#### RECORDS FOR THIS EXERCISE:
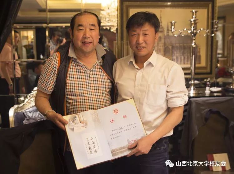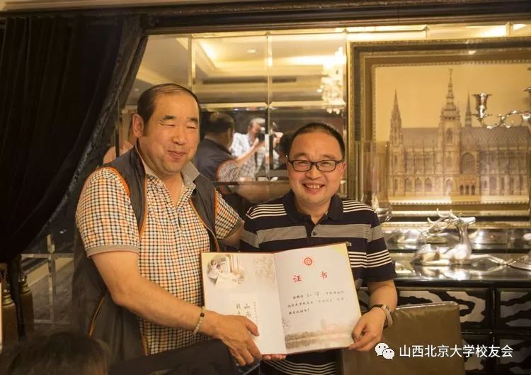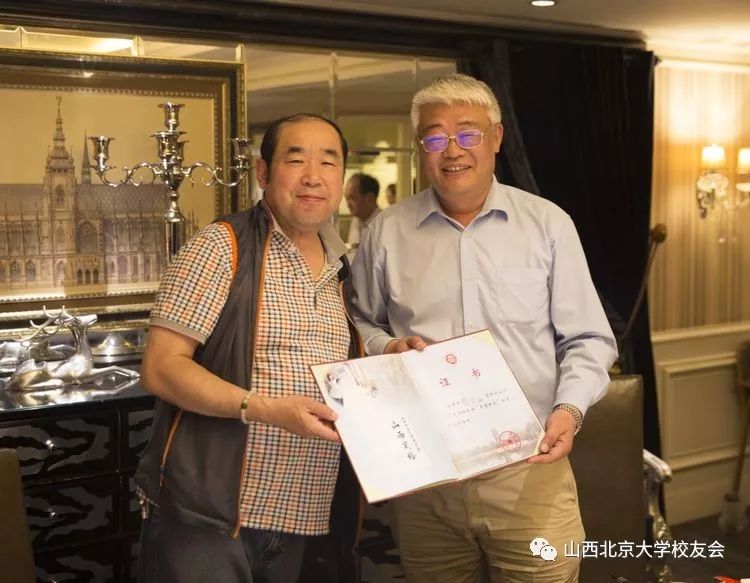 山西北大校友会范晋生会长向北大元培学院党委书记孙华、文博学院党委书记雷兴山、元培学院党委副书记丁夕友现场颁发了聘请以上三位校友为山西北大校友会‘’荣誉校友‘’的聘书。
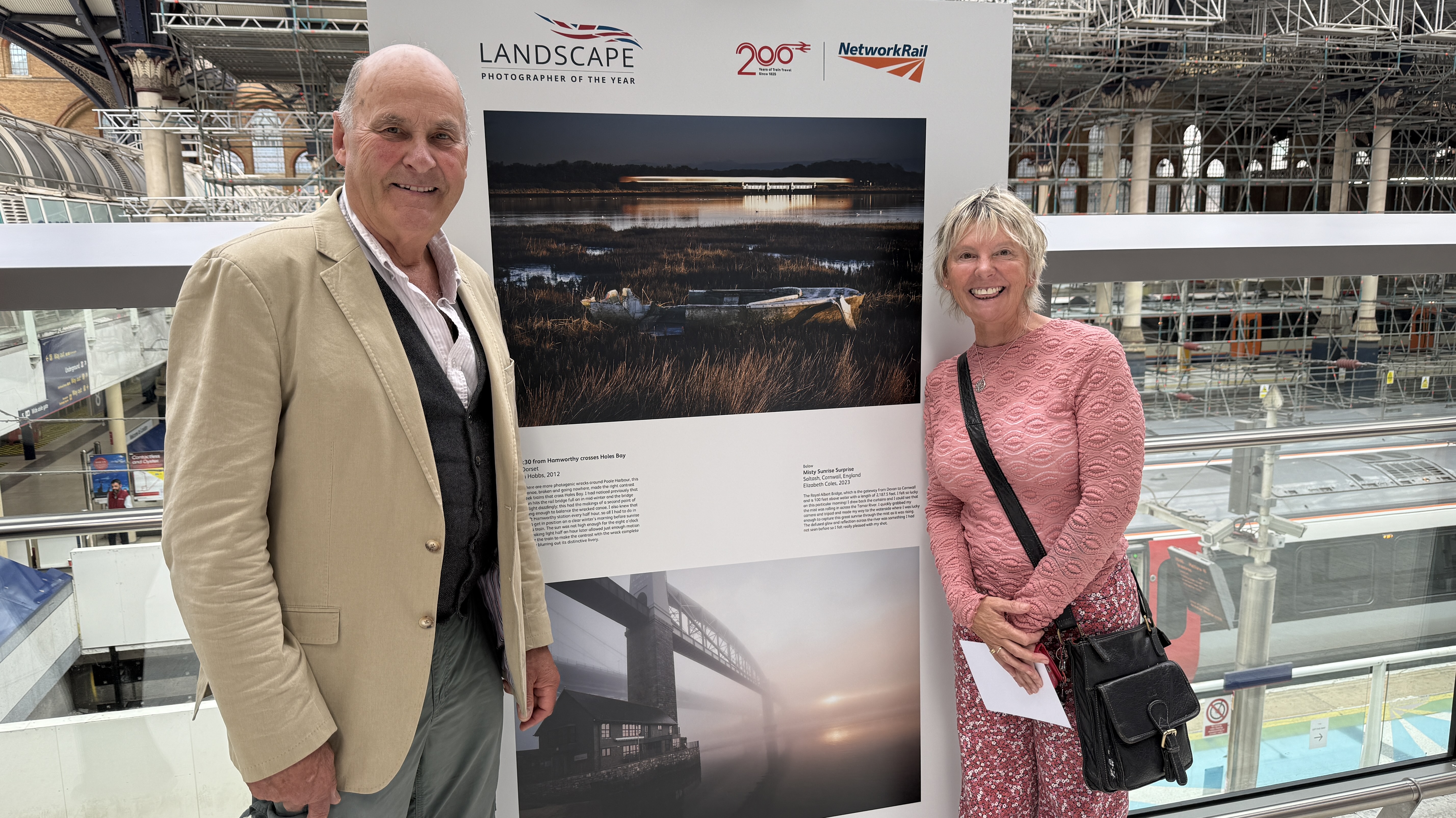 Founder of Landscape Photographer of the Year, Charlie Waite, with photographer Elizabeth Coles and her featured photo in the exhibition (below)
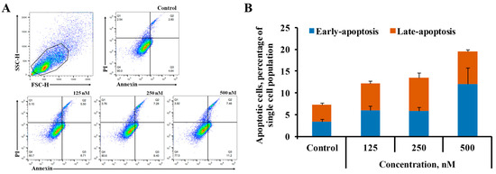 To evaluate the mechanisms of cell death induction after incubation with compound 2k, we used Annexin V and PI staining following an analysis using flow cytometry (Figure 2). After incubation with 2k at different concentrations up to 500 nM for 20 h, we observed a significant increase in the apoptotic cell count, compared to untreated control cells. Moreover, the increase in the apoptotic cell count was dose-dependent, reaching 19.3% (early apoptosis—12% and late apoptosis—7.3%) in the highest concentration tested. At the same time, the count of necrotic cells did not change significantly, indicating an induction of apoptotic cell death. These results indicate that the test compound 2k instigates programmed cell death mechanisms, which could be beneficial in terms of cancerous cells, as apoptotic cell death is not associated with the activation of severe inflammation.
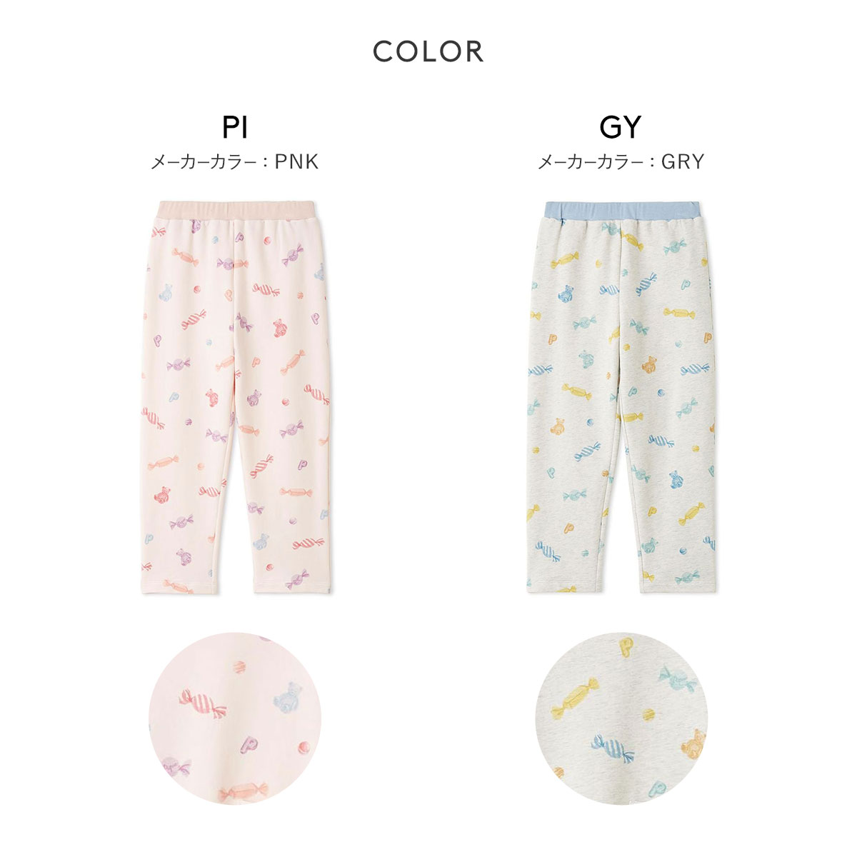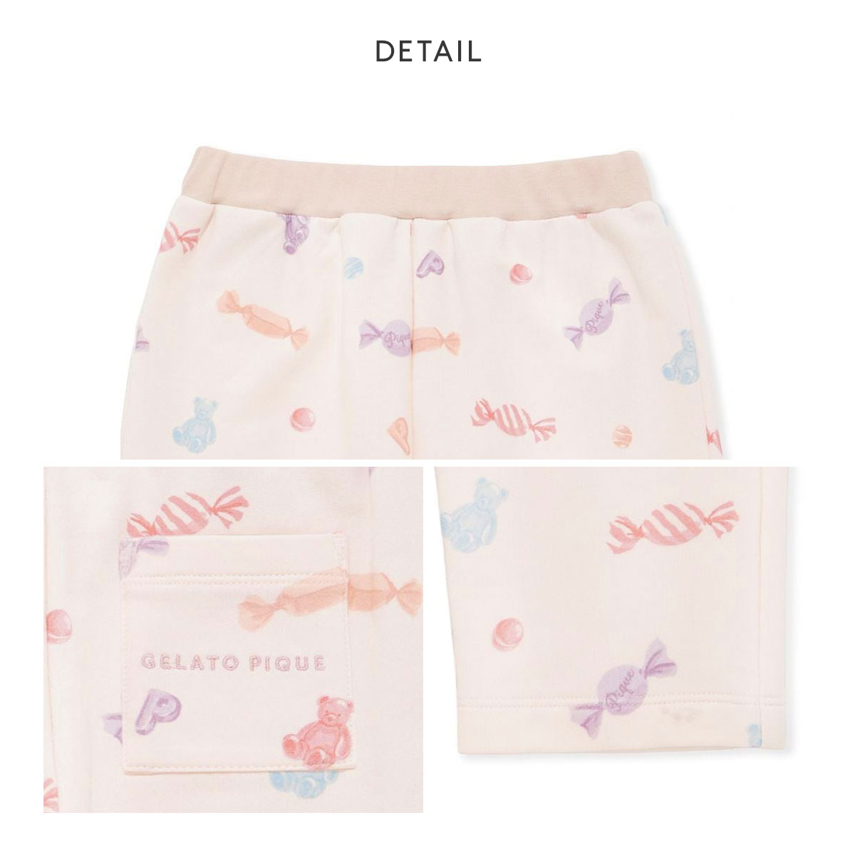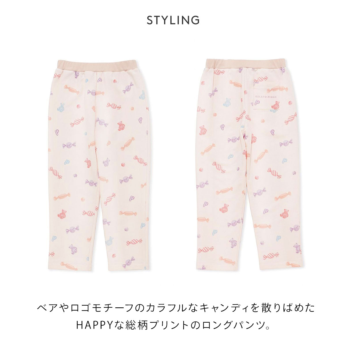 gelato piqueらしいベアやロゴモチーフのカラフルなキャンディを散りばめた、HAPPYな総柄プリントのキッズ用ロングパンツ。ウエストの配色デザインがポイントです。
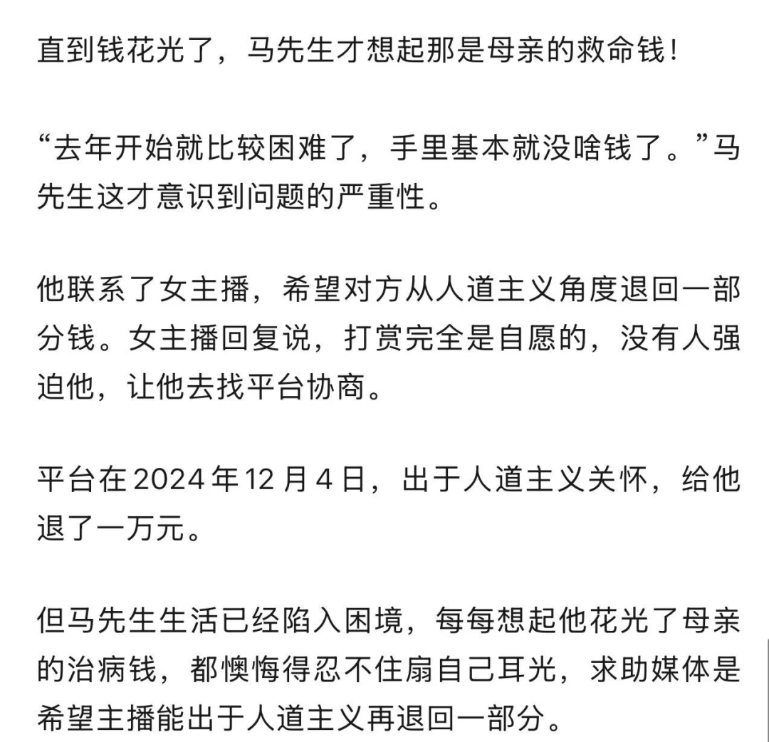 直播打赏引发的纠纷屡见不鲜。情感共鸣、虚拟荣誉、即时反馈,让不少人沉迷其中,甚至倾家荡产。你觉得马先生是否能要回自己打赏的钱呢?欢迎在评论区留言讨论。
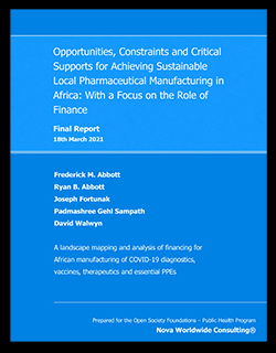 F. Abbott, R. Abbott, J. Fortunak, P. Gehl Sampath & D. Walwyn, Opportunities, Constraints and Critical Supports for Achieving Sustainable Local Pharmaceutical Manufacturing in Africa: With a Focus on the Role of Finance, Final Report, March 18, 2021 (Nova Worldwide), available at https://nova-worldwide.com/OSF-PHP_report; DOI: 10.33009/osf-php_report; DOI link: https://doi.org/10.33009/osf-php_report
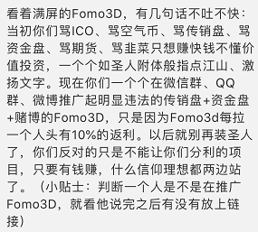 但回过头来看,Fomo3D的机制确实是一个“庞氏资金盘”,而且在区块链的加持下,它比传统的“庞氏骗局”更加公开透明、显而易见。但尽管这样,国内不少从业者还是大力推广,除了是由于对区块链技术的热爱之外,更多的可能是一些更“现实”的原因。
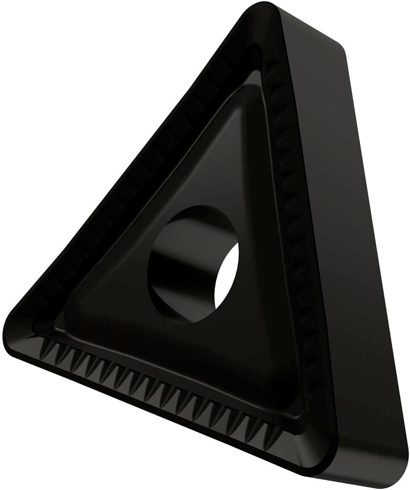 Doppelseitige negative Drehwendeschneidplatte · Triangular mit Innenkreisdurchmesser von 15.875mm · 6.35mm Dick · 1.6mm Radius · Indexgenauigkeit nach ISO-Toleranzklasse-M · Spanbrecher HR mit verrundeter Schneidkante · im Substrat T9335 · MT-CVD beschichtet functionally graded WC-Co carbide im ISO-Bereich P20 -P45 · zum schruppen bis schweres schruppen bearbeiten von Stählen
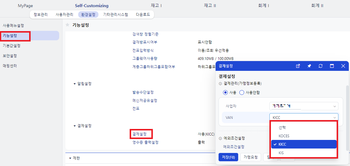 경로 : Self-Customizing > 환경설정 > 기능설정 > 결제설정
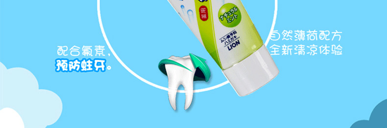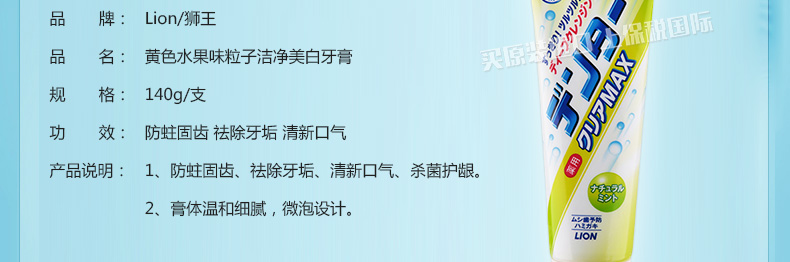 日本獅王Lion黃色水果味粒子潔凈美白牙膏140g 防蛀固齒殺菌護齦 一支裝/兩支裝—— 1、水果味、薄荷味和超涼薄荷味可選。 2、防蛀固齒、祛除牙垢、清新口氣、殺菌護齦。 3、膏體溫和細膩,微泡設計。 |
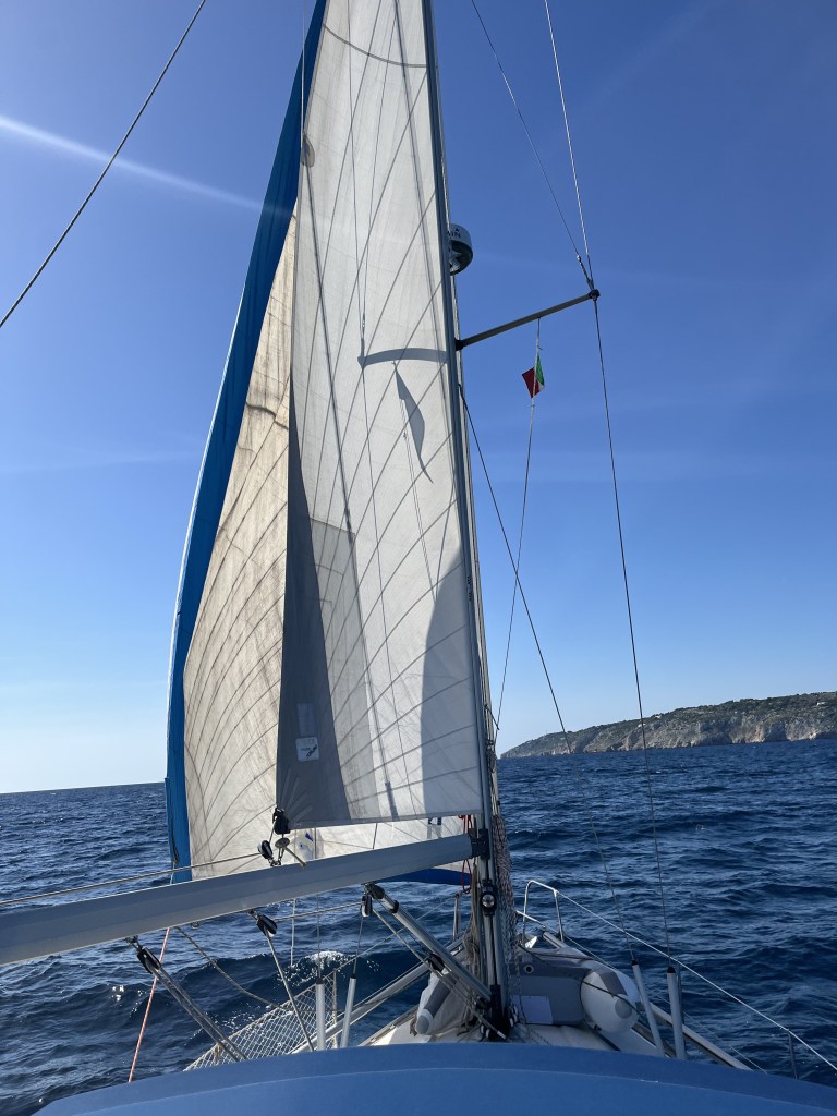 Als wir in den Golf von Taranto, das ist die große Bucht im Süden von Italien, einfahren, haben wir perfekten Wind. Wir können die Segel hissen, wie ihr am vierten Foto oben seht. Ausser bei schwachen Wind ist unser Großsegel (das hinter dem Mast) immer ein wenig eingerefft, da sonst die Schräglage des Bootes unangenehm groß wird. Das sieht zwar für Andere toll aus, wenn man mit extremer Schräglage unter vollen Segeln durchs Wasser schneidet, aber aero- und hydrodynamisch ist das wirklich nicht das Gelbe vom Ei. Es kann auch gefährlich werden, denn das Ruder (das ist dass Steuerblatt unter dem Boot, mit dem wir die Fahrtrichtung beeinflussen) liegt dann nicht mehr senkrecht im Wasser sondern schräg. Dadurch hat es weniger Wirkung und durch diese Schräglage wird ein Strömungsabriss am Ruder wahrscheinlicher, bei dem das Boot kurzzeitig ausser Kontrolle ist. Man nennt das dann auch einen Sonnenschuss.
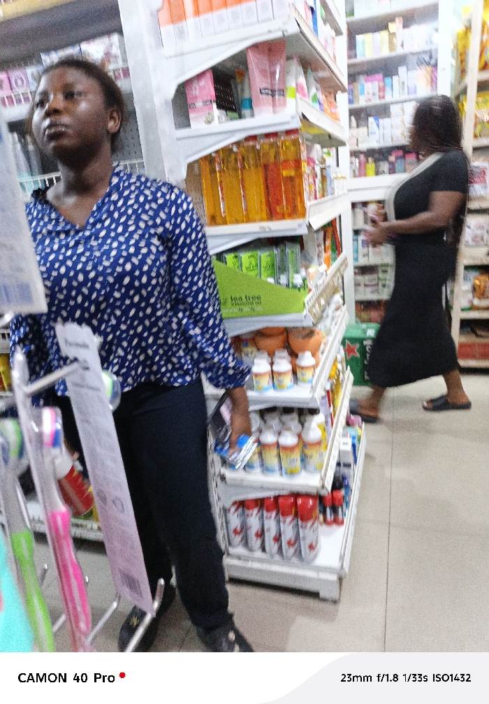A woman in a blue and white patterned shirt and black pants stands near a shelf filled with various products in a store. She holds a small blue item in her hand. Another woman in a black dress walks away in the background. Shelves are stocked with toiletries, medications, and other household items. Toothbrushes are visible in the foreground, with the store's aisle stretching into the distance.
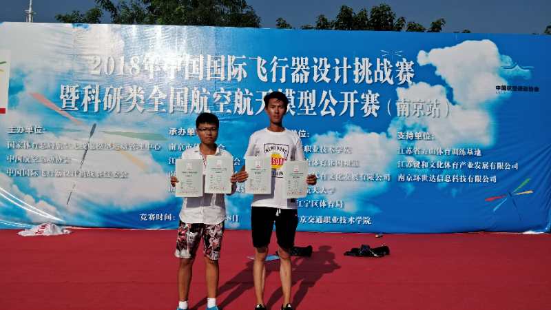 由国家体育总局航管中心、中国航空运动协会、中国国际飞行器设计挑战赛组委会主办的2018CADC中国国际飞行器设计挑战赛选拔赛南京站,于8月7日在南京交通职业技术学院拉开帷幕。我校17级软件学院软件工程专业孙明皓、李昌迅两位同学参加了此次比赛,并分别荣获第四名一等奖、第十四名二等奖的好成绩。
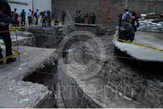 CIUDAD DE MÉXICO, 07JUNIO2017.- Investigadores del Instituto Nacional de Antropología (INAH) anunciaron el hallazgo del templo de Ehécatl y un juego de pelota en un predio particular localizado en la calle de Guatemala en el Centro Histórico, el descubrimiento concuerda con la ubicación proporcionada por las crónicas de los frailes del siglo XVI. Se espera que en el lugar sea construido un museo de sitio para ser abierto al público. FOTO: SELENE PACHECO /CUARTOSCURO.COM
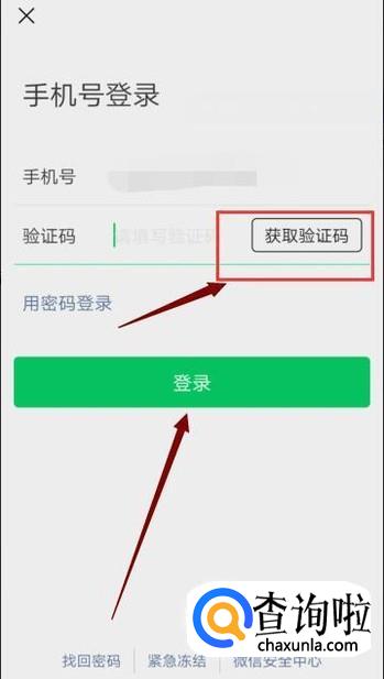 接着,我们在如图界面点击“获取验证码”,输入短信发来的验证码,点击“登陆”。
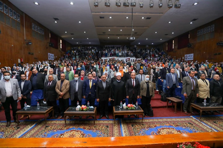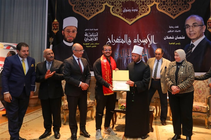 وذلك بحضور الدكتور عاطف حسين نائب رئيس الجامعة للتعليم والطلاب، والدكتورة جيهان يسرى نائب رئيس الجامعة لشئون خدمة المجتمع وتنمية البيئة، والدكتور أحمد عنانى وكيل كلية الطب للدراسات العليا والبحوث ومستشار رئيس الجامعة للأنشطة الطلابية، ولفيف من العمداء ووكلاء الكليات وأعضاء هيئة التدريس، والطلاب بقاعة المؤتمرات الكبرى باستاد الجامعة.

#### WHAT TO DO:
The entries are to be copied exactly, and each image is to be omitted.

#### SOLUTION TO THIS PROBLEM:
 山西北大校友会范晋生会长向北大元培学院党委书记孙华、文博学院党委书记雷兴山、元培学院党委副书记丁夕友现场颁发了聘请以上三位校友为山西北大校友会‘’荣誉校友‘’的聘书。
 Founder of Landscape Photographer of the Year, Charlie Waite, with photographer Elizabeth Coles and her featured photo in the exhibition (below)
 To evaluate the mechanisms of cell death induction after incubation with compound 2k, we used Annexin V and PI staining following an analysis using flow cytometry (Figure 2). After incubation with 2k at different concentrations up to 500 nM for 20 h, we observed a significant increase in the apoptotic cell count, compared to untreated control cells. Moreover, the increase in the apoptotic cell count was dose-dependent, reaching 19.3% (early apoptosis—12% and late apoptosis—7.3%) in the highest concentration tested. At the same time, the count of necrotic cells did not change significantly, indicating an induction of apoptotic cell death. These results indicate that the test compound 2k instigates programmed cell death mechanisms, which could be beneficial in terms of cancerous cells, as apoptotic cell death is not associated with the activation of severe inflammation.
 gelato piqueらしいベアやロゴモチーフのカラフルなキャンディを散りばめた、HAPPYな総柄プリントのキッズ用ロングパンツ。ウエストの配色デザインがポイントです。
 直播打赏引发的纠纷屡见不鲜。情感共鸣、虚拟荣誉、即时反馈,让不少人沉迷其中,甚至倾家荡产。你觉得马先生是否能要回自己打赏的钱呢?欢迎在评论区留言讨论。
 F. Abbott, R. Abbott, J. Fortunak, P. Gehl Sampath & D. Walwyn, Opportunities, Constraints and Critical Supports for Achieving Sustainable Local Pharmaceutical Manufacturing in Africa: With a Focus on the Role of Finance, Final Report, March 18, 2021 (Nova Worldwide), available at https://nova-worldwide.com/OSF-PHP_report; DOI: 10.33009/osf-php_report; DOI link: https://doi.org/10.33009/osf-php_report
 但回过头来看,Fomo3D的机制确实是一个“庞氏资金盘”,而且在区块链的加持下,它比传统的“庞氏骗局”更加公开透明、显而易见。但尽管这样,国内不少从业者还是大力推广,除了是由于对区块链技术的热爱之外,更多的可能是一些更“现实”的原因。
 Doppelseitige negative Drehwendeschneidplatte · Triangular mit Innenkreisdurchmesser von 15.875mm · 6.35mm Dick · 1.6mm Radius · Indexgenauigkeit nach ISO-Toleranzklasse-M · Spanbrecher HR mit verrundeter Schneidkante · im Substrat T9335 · MT-CVD beschichtet functionally graded WC-Co carbide im ISO-Bereich P20 -P45 · zum schruppen bis schweres schruppen bearbeiten von Stählen
 경로 : Self-Customizing > 환경설정 > 기능설정 > 결제설정
 日本獅王Lion黃色水果味粒子潔凈美白牙膏140g 防蛀固齒殺菌護齦 一支裝/兩支裝—— 1、水果味、薄荷味和超涼薄荷味可選。 2、防蛀固齒、祛除牙垢、清新口氣、殺菌護齦。 3、膏體溫和細膩,微泡設計。 |
 Als wir in den Golf von Taranto, das ist die große Bucht im Süden von Italien, einfahren, haben wir perfekten Wind. Wir können die Segel hissen, wie ihr am vierten Foto oben seht. Ausser bei schwachen Wind ist unser Großsegel (das hinter dem Mast) immer ein wenig eingerefft, da sonst die Schräglage des Bootes unangenehm groß wird. Das sieht zwar für Andere toll aus, wenn man mit extremer Schräglage unter vollen Segeln durchs Wasser schneidet, aber aero- und hydrodynamisch ist das wirklich nicht das Gelbe vom Ei. Es kann auch gefährlich werden, denn das Ruder (das ist dass Steuerblatt unter dem Boot, mit dem wir die Fahrtrichtung beeinflussen) liegt dann nicht mehr senkrecht im Wasser sondern schräg. Dadurch hat es weniger Wirkung und durch diese Schräglage wird ein Strömungsabriss am Ruder wahrscheinlicher, bei dem das Boot kurzzeitig ausser Kontrolle ist. Man nennt das dann auch einen Sonnenschuss.
A woman in a blue and white patterned shirt and black pants stands near a shelf filled with various products in a store. She holds a small blue item in her hand. Another woman in a black dress walks away in the background. Shelves are stocked with toiletries, medications, and other household items. Toothbrushes are visible in the foreground, with the store's aisle stretching into the distance.
 由国家体育总局航管中心、中国航空运动协会、中国国际飞行器设计挑战赛组委会主办的2018CADC中国国际飞行器设计挑战赛选拔赛南京站,于8月7日在南京交通职业技术学院拉开帷幕。我校17级软件学院软件工程专业孙明皓、李昌迅两位同学参加了此次比赛,并分别荣获第四名一等奖、第十四名二等奖的好成绩。
 CIUDAD DE MÉXICO, 07JUNIO2017.- Investigadores del Instituto Nacional de Antropología (INAH) anunciaron el hallazgo del templo de Ehécatl y un juego de pelota en un predio particular localizado en la calle de Guatemala en el Centro Histórico, el descubrimiento concuerda con la ubicación proporcionada por las crónicas de los frailes del siglo XVI. Se espera que en el lugar sea construido un museo de sitio para ser abierto al público. FOTO: SELENE PACHECO /CUARTOSCURO.COM
 接着,我们在如图界面点击“获取验证码”,输入短信发来的验证码,点击“登陆”。
 وذلك بحضور الدكتور عاطف حسين نائب رئيس الجامعة للتعليم والطلاب، والدكتورة جيهان يسرى نائب رئيس الجامعة لشئون خدمة المجتمع وتنمية البيئة، والدكتور أحمد عنانى وكيل كلية الطب للدراسات العليا والبحوث ومستشار رئيس الجامعة للأنشطة الطلابية، ولفيف من العمداء ووكلاء الكليات وأعضاء هيئة التدريس، والطلاب بقاعة المؤتمرات الكبرى باستاد الجامعة.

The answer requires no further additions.